Starbucks, unlike UPS, Time Warner, IBM, Delta Air Lines, Seaworld, the state universities of Virginia and Indiana and others, including Trader Joe’s, will tough it out. Even as major employers around the country warn of Obamacare’s rising costs and cut coverage or dispense with coverage altogether, the Starbucks CEO recently told CNBC, “I would encourage [employers] to find ways to provide the insurance and not figure out a way to either lower the hours or get around the system.” That may be easier for him to say than for an earnest coffee grinder to get insurance.

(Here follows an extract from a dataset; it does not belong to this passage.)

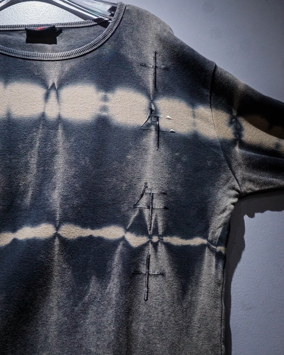染めによって独特な柄をボディ全体に映し出したプルオーバーニット。
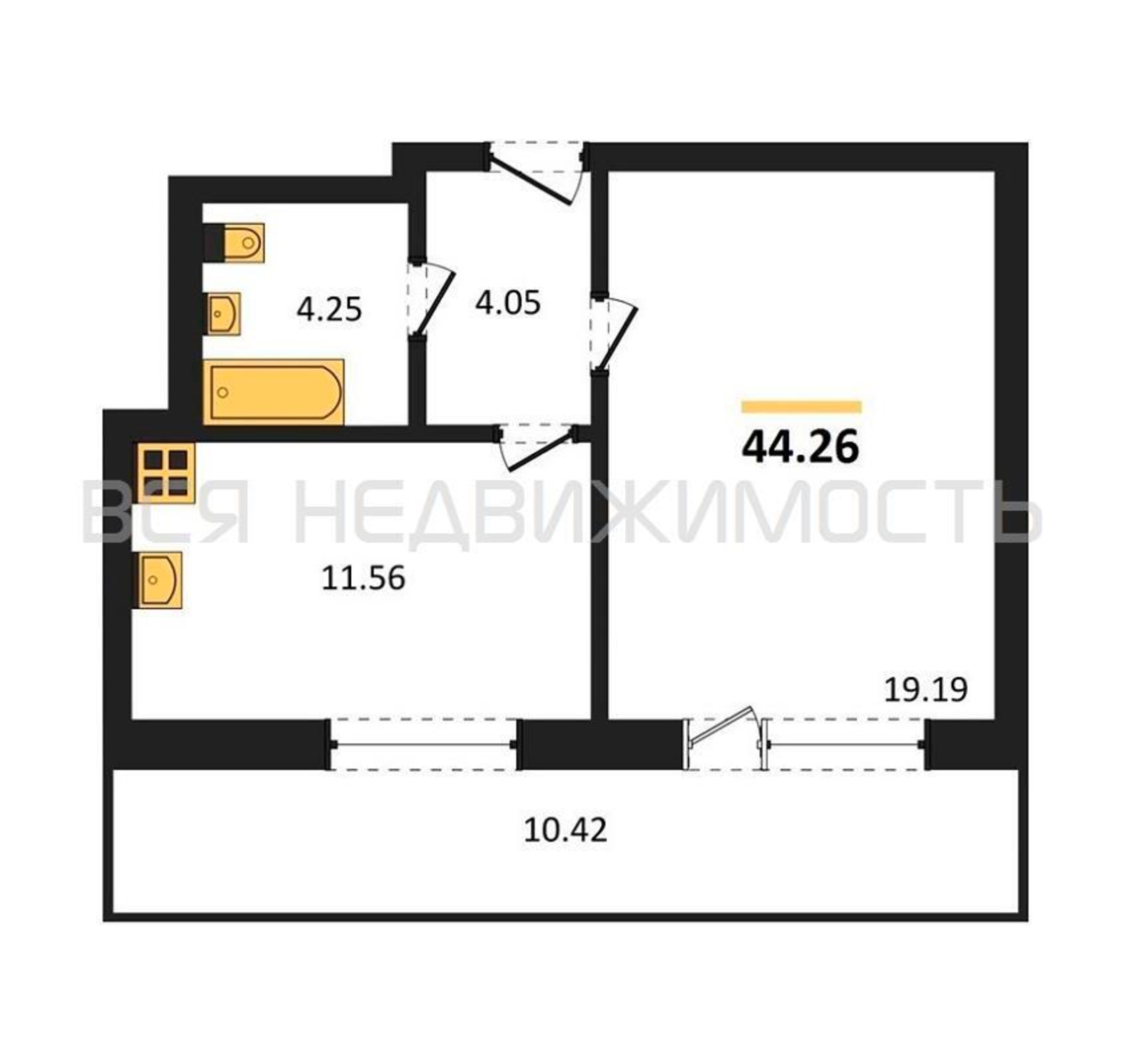 1-комнатная квартира, 44.26 м² 8/16 этаж ID объекта 100138703

Trader Joe’s employees are going on the dole. “We believe that with the $500 from Trader Joe’s and the tax credits available under [Obamacare],” Trader Joe’s CEO Dan Bane wrote in an Aug. 30 memo, “many of you should be able to obtain health care coverage at very little, if any, net cost to you.” Other employers are likely to follow, assigning their health expenses to the public. Sending Americans into the exchanges, where government subsidies for coverage is available, will drive up costs for everyone.
The Trader Joe’s view of Obamacare is in line with that of rival grocery chain Whole Foods. Whole Foods CEO John Mackey once likened Obamacare to a socialistic “government takeover of our health care system.” That was in an op-ed essay in The Wall Street Journal in 2009. By the middle of January this year, he had changed his mind. “It’s more like fascism,” he told NPR News. “In fascism, the government doesn’t own the means of production, but they do control it, and that’s what happening with our health care programs and these reforms.”
Nancy Pelosi once cheerily told one and all about Obamacare that “we have to pass the bill so that you can find out what is in it,” and it turns out that she was right. Congress passed it, and now we’re finding out what’s in it. President Obama and the Democrats are finding out that almost nobody likes it.